To validate the model, we included 592 160 patients studied between 1 June and 23 July 2020. Only patients with a positive RT-PCR for SARS-CoV-2 and complete unduplicated data were included to validate the model. We further performed simple random sampling of positive cases to increase statistical power in approximately 15% with respect to the sample used for developing the model.

Source of data

Data are collected and regularly updated by the Mexican Secretariat of Health and are available in the Open Data platform of the Federal Government of Mexico [20]. A historical repository of individual datasets starting on 12 April 2020 is available through the General Directorate of Epidemiology [21]. Patients who met criteria of suspected COVID-19 case and were subsequently tested for SARS-CoV-2 were included in the study, starting on late February 2020 when the first suspected cases arrived in Mexico. Two diagnostic strategies are outlined in the National COVID-19 Epidemiological Surveillance Plan [19]: (1) testing of 10% of ambulatory patients with mild symptoms of respiratory disease and 100% of patients with respiratory distress at evaluation in one of the 475 monitoring units of viral respiratory disease (USMER, for its acronym in Spanish) which are strategically distributed to be representative of the Mexican population, and (2) testing 100% of patients who meet diagnostic criteria of Severe Acute Respiratory Infection (defined as shortness of breath, temperature ≥38 °C, cough and ≥1 of the following: chest pain, tachypnoea, or acute respiratory distress syndrome) who seek medical attention in non-USMER units.

Healthcare professionals collecting a diagnostic specimen are required to fill out a format containing demographic and patient history variables. Follow-up of all suspected COVID-19 cases is registered by accredited hospital epidemiologists (inpatients) and the responsible healthcare professional of every Local Health Jurisdiction (ambulatory patients), who ultimately upload data to the Respiratory Diseases Epidemiological Surveillance System. Results of diagnostic RT-PCR for SARS-CoV-2 are directly uploaded by the diagnostic facility; accreditation of diagnostic procedures by the Mexican Institute of Diagnostics and Epidemiological Reference is required to upload results.
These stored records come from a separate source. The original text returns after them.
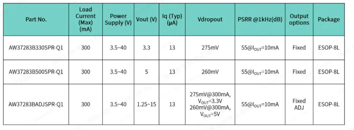 In dynamic scenarios such as camera module switching between standby/working modes, optical image stabilization activation, and autofocus driving, the load current will have rapid step changes. AW37012DXXXFOR achieves excellent transient response characteristics through optimized loop design, effectively suppressing voltage fluctuations that interfere with the image sensor, and avoiding abnormalities such as image distortion and data packet loss caused by unstable power supply.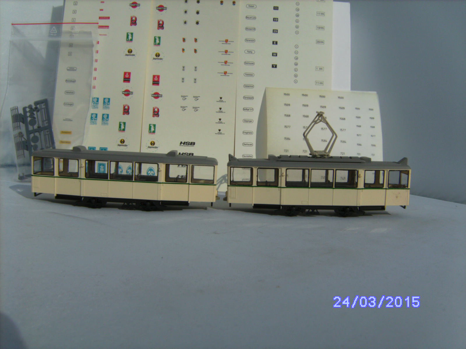 Drei selbstklebende Beschriftungsbögen zum Anbringen der Kurse, Linien und Ziele, Werbetafeln und Stadtwappen sowie ein Bogen mit Anreibezahlen für vorbildgerechte Nummerierung der Fahrzeuge (91001 und 91002). Als Besonderheit wurden in dieser Serie die milchigen Fenster der Souveniermodelle durch einzeln eingesetzte Fenster ersetzt, deren Rahmen mit Prägefolie schwarz bedruckt wurden. Auch eine vorbildnahe Inneneinrichtung wurde zusätzlich eingebaut. Der Wagenboden im TW ist für die Anbringung fahrfertiger Antriebseinheiten von PMT oder LH vorbereitet.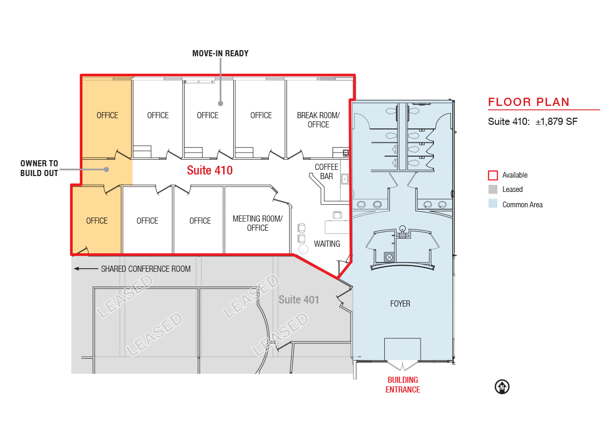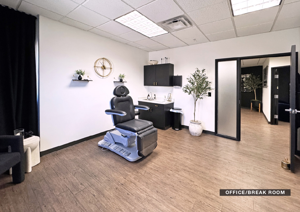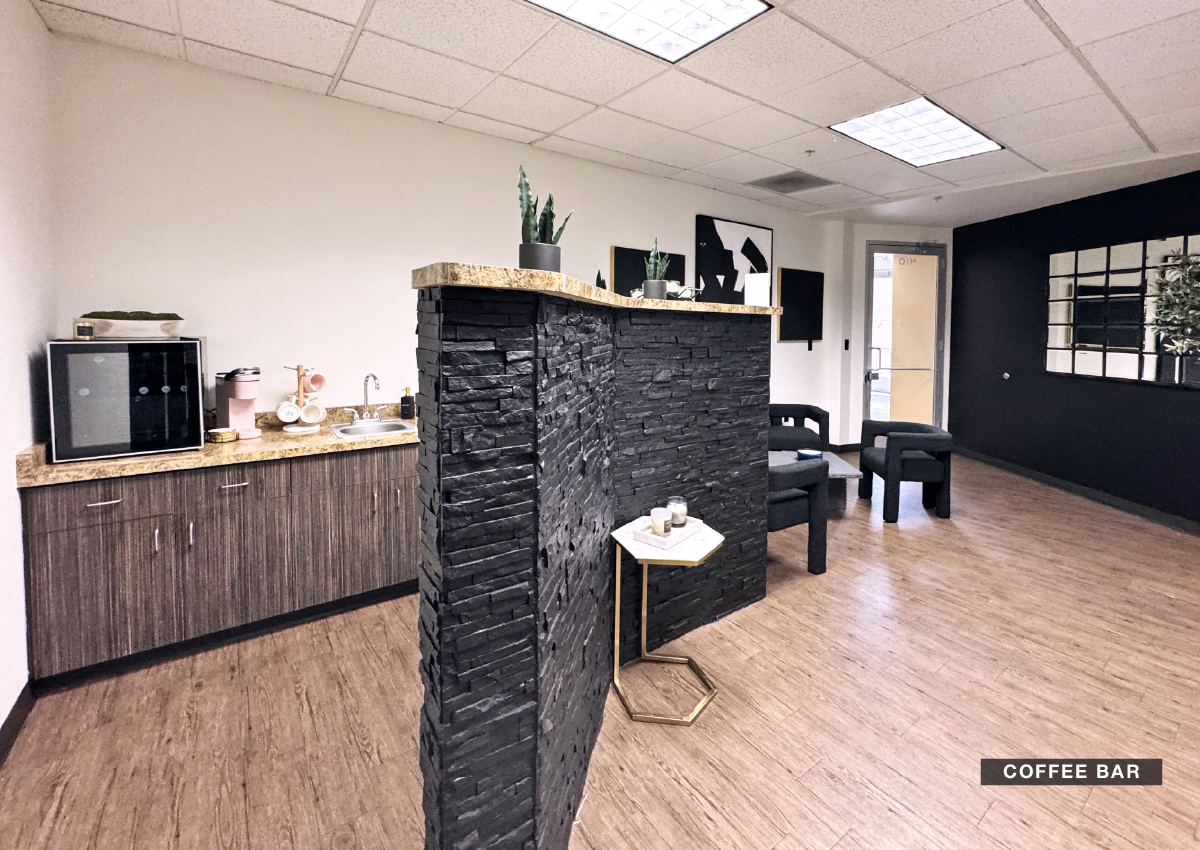 - Reception, 7 offices, coffee bar with sink, office/break room with sink, meeting room/office and storage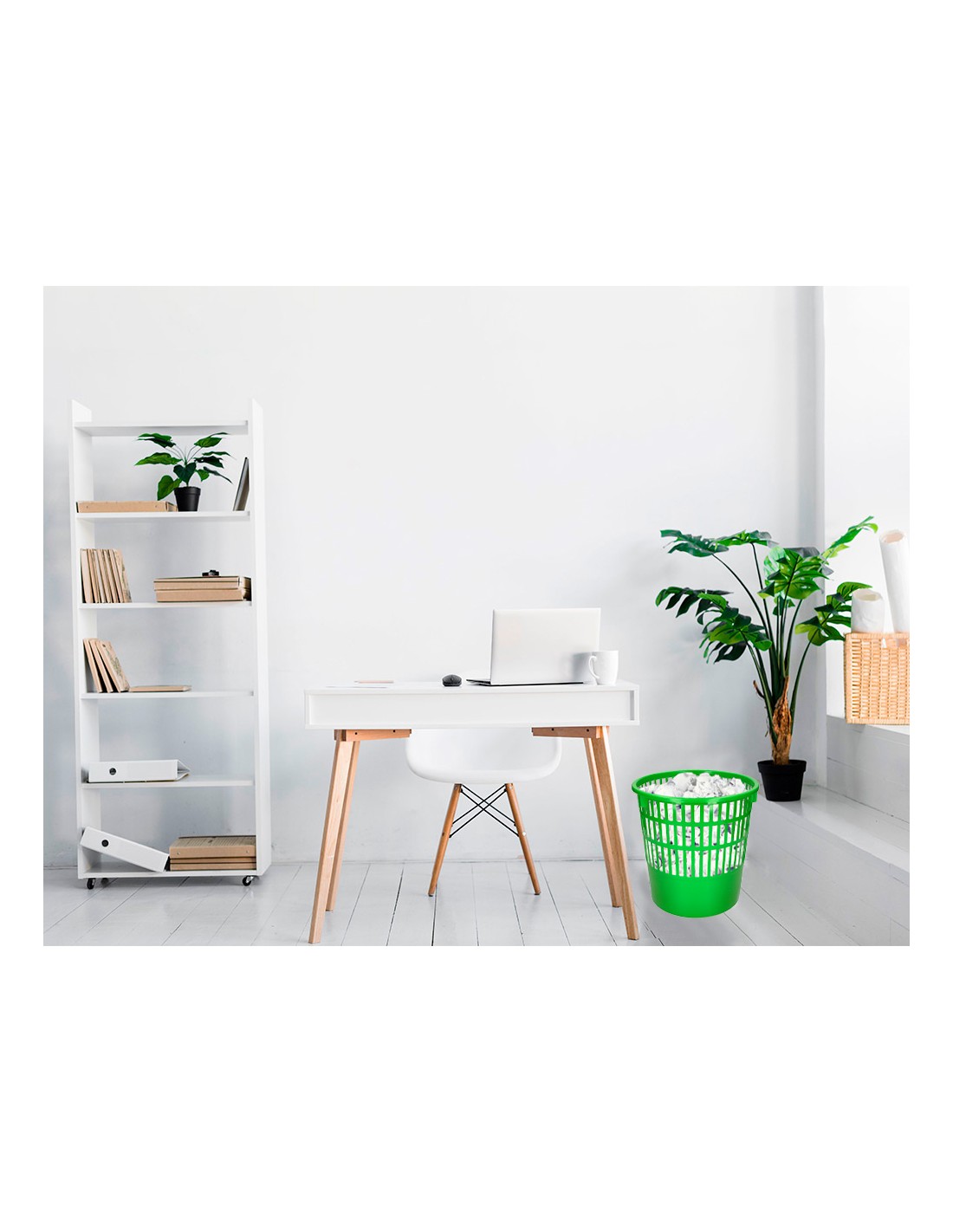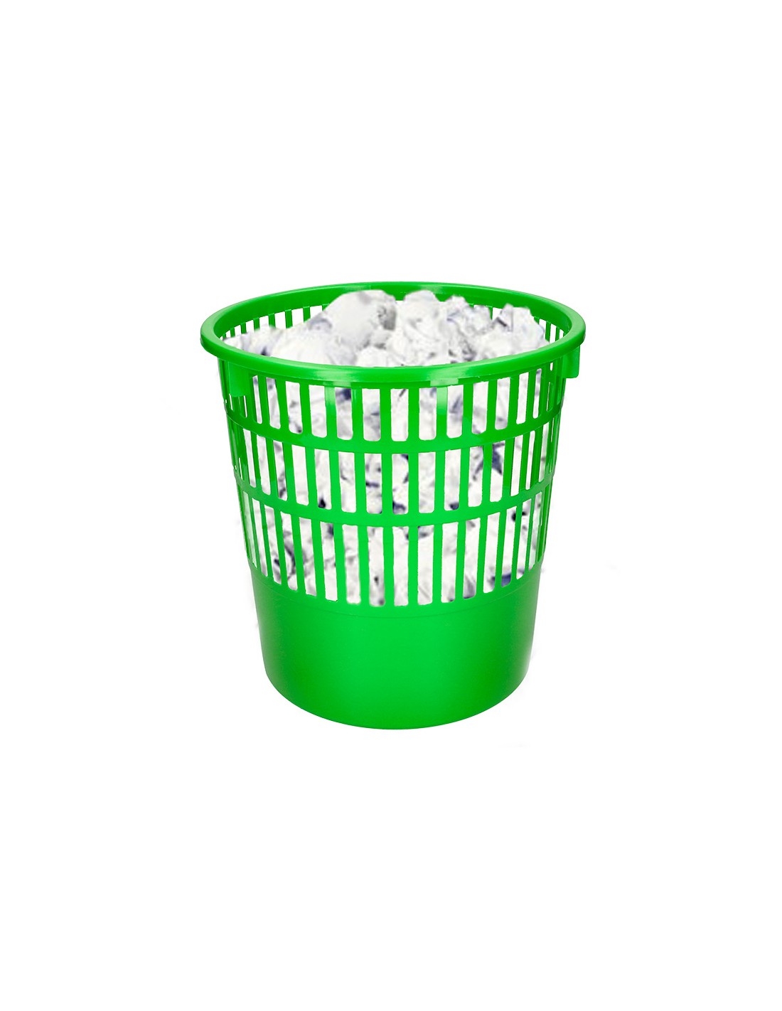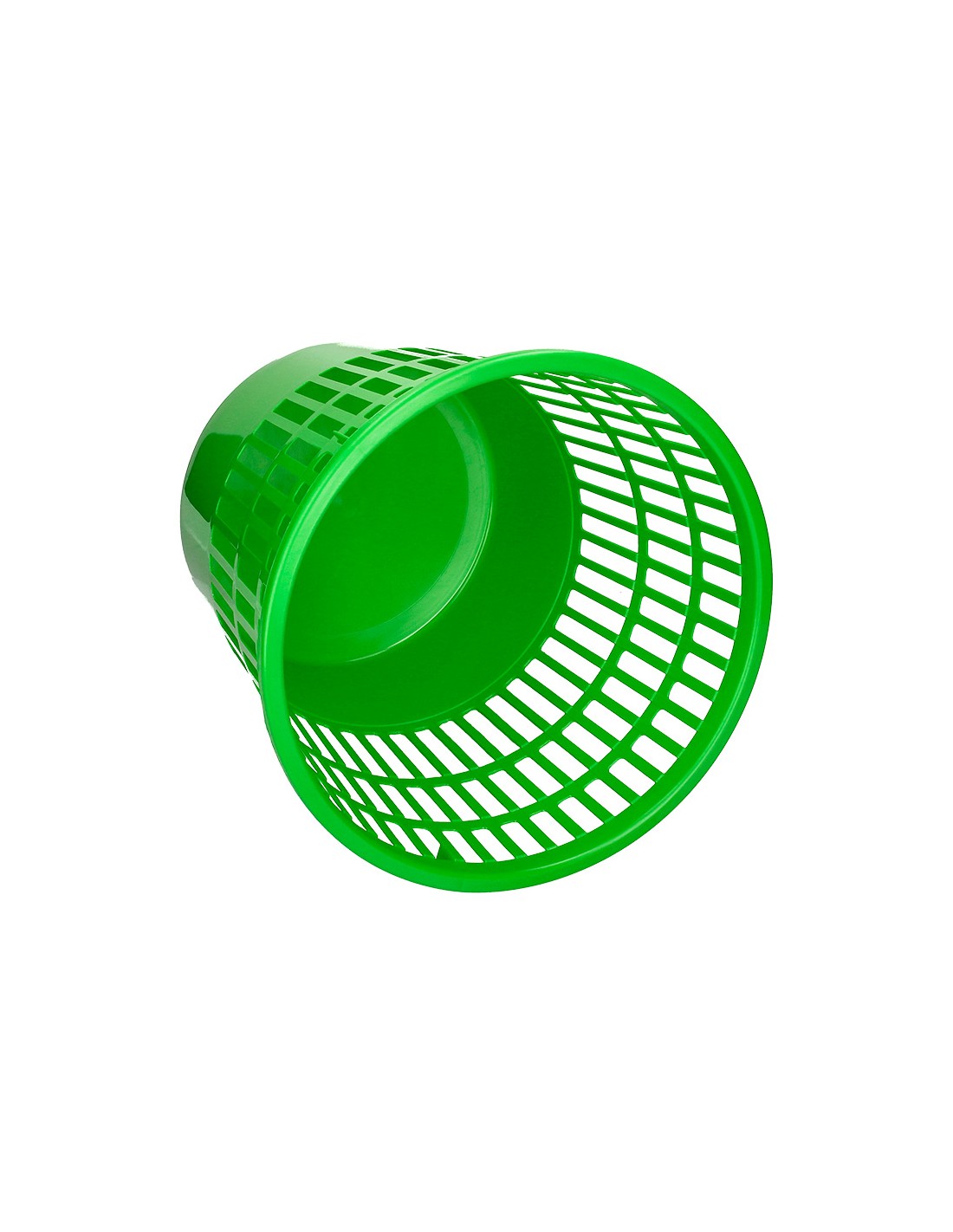 Papelera de rejilla muy resistente fabricada en poliestireno. Capacidad 15 litros. Color verde. Medidas ø 28,5 x 29 cm.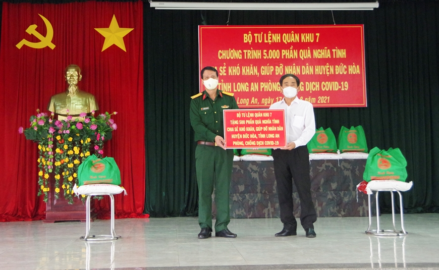 * Ngày 17-8, Đoàn công tác Bộ tư lệnh Quân khu 7 do Đại tá Nguyễn Công Anh, Phó chủ nhiệm Chính trị Quân khu là trưởng đoàn đã đến thăm hỏi, động viên và trao tặng 500 phần quà nghĩa tình cho các gia đình có hoàn cảnh khó khăn do đại dịch Covid-19 tại huyện Đức Hòa, Long An. Tổng giá trị quà tặng 250 triệu đồng.

Reporting of deaths is obligatory and must be done in less than 48 h after occurrence. One caveat to this reporting method is that patients who are tested more than once in different jurisdictions may be duplicated. No variables that could lead to identification of patients are provided in datasets. Thus, the only way to eliminate duplications is through matching of cases with equal demographic and clinical variables. Specific information of treatments is not released.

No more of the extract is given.